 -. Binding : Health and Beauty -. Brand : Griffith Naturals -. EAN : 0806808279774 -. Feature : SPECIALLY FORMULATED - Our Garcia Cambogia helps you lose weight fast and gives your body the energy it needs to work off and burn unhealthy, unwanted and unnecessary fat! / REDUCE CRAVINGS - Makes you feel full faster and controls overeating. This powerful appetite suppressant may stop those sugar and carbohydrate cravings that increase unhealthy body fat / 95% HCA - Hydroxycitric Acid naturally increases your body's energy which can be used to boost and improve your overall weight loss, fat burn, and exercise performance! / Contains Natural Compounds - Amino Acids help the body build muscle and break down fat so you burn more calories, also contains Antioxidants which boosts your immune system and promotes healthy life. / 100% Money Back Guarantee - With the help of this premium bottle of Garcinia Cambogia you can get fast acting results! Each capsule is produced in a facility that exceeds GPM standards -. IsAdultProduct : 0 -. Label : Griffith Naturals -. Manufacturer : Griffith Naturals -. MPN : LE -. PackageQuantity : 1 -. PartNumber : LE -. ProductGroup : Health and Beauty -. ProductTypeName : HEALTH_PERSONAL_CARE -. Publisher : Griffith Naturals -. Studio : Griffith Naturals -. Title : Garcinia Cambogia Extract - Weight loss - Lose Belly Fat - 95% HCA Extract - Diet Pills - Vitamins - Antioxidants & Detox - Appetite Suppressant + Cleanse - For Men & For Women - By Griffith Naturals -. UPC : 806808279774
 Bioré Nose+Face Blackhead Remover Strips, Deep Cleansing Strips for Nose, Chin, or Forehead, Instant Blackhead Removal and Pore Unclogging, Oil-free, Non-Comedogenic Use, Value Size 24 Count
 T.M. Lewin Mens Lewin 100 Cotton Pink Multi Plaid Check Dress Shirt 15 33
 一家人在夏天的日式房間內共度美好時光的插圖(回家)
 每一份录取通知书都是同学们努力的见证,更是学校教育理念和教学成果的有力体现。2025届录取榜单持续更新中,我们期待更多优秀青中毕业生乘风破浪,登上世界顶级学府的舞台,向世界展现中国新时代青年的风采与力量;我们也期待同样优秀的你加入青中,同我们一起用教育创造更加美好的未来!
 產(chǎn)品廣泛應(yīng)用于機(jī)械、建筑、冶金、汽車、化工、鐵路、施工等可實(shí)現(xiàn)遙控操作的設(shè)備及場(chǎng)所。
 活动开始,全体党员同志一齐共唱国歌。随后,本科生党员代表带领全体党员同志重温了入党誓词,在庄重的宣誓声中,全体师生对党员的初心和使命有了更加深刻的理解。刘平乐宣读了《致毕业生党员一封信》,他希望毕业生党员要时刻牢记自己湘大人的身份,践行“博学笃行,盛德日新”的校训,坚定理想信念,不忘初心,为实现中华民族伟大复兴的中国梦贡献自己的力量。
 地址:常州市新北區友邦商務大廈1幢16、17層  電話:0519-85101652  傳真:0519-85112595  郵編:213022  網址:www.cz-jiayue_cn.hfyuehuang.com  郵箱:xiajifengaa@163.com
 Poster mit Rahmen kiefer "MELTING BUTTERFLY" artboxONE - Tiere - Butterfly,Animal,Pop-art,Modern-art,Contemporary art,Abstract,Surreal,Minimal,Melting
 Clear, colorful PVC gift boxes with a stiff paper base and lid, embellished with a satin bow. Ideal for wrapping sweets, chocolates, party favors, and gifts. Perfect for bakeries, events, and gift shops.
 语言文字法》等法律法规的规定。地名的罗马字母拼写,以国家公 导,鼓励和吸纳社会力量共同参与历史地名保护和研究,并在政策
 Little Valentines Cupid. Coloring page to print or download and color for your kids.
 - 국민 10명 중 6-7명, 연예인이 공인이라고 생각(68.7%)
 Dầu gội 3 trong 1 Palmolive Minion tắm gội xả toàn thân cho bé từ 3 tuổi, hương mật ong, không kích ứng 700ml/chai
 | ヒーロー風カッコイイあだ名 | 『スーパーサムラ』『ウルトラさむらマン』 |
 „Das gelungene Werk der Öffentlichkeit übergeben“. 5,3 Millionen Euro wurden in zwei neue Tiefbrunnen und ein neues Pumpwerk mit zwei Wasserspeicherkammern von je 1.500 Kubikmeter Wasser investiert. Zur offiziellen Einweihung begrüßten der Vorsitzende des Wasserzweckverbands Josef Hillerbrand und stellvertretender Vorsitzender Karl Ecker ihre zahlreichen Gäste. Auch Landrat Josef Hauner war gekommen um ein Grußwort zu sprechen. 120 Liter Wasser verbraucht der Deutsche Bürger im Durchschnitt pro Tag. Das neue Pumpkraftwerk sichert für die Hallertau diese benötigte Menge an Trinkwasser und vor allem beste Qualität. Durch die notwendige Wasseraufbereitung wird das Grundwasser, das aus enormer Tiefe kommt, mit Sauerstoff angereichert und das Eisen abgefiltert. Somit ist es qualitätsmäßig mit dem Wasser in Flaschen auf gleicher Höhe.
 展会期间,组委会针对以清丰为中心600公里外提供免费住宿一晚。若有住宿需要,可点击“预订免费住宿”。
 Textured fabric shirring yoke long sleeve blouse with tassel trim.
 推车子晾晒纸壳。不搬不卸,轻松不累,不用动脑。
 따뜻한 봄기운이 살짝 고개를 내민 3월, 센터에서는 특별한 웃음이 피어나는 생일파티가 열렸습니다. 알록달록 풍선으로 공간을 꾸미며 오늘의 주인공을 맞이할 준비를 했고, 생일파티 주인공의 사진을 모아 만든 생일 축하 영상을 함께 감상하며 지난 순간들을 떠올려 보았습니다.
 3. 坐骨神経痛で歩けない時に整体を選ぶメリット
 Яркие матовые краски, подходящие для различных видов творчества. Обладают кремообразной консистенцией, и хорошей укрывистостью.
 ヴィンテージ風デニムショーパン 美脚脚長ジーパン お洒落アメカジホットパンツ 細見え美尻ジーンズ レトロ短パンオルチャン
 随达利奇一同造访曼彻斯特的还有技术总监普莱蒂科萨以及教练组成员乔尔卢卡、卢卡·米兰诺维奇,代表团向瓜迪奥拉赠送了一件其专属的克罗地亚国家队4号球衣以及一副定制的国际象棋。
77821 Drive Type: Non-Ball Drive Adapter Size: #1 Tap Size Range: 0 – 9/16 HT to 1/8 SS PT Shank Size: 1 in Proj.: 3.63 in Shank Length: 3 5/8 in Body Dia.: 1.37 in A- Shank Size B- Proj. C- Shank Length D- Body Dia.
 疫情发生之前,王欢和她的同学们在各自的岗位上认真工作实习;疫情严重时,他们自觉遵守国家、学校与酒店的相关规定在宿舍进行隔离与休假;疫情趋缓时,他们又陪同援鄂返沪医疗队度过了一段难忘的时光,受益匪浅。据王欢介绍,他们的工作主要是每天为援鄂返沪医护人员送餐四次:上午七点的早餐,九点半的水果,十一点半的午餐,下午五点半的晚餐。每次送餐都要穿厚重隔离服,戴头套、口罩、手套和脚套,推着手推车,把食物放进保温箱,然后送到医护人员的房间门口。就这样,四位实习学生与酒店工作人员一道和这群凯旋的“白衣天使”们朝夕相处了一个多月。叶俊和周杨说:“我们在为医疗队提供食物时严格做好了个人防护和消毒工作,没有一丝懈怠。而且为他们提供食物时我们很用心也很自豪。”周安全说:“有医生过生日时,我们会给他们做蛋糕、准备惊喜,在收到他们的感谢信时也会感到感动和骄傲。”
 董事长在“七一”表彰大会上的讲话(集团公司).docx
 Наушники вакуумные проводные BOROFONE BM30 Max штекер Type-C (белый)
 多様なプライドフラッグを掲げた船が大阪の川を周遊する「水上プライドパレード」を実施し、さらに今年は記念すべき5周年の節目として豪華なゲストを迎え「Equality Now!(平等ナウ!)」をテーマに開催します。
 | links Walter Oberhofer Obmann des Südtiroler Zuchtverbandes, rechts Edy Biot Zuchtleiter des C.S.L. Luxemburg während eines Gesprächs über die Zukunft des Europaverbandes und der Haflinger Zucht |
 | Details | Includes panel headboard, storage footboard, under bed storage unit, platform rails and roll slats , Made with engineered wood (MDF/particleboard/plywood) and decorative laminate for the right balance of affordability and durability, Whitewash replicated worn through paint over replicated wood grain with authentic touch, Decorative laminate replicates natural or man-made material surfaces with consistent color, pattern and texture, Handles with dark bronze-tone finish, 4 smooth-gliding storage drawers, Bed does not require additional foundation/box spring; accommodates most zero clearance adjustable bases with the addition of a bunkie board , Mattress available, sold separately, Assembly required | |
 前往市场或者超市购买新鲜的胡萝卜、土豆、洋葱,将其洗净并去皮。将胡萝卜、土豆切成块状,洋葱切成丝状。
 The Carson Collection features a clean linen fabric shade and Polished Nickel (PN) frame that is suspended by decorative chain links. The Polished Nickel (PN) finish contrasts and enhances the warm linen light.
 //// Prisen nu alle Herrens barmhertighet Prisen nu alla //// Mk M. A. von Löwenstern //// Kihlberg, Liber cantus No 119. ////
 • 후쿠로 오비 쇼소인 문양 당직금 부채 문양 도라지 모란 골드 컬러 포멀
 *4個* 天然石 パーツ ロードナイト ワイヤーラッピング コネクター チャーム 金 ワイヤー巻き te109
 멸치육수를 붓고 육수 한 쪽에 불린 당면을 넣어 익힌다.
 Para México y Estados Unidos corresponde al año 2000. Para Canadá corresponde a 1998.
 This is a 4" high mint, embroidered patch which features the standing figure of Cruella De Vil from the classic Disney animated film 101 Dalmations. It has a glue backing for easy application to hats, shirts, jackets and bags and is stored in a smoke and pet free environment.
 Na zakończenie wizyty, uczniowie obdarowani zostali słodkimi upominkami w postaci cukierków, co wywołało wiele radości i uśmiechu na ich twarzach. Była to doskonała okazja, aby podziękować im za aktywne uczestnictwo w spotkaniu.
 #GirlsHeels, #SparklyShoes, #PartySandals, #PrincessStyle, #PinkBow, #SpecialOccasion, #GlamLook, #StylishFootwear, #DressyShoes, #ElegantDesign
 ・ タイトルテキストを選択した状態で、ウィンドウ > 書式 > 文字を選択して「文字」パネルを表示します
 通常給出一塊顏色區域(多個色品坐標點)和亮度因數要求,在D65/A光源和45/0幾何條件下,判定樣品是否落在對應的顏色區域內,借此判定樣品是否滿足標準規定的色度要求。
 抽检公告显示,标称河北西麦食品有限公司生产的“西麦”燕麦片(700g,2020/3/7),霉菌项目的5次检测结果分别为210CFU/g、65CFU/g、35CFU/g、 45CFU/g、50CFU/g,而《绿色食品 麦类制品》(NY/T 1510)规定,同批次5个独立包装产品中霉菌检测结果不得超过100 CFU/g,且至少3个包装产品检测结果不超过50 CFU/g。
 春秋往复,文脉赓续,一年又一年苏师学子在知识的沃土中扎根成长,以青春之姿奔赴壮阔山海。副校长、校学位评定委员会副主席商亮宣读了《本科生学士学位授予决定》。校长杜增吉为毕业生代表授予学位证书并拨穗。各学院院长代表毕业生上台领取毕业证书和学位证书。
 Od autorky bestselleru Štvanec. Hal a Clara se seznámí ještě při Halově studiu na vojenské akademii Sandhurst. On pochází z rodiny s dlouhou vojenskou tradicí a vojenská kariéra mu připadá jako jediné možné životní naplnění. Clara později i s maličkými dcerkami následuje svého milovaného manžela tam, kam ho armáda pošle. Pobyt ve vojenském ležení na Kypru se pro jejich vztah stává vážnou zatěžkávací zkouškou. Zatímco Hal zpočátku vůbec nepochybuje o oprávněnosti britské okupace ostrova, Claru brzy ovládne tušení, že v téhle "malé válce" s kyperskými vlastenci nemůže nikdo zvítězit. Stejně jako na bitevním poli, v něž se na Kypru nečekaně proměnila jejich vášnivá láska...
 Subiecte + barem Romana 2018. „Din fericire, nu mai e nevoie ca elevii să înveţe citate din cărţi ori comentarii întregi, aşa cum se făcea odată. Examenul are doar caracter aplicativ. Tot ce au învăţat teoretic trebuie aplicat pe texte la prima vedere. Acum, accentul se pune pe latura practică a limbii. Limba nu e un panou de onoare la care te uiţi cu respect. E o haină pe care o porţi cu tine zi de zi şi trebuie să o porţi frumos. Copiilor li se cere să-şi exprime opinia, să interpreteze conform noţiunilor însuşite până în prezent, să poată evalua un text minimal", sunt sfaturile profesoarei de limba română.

·····

■ **Task prompt**
Restate word for word the entries above, starting at the line with "地址:常州市新北區友邦商務大廈1幢16、17層  電話:0519-85101652  傳真:0519-85112595" and ending at the line with "Poster mit Rahmen", inclusive, and no others.

■ **Response**
 地址:常州市新北區友邦商務大廈1幢16、17層  電話:0519-85101652  傳真:0519-85112595  郵編:213022  網址:www.cz-jiayue_cn.hfyuehuang.com  郵箱:xiajifengaa@163.com
 Poster mit Rahmen kiefer "MELTING BUTTERFLY" artboxONE - Tiere - Butterfly,Animal,Pop-art,Modern-art,Contemporary art,Abstract,Surreal,Minimal,Melting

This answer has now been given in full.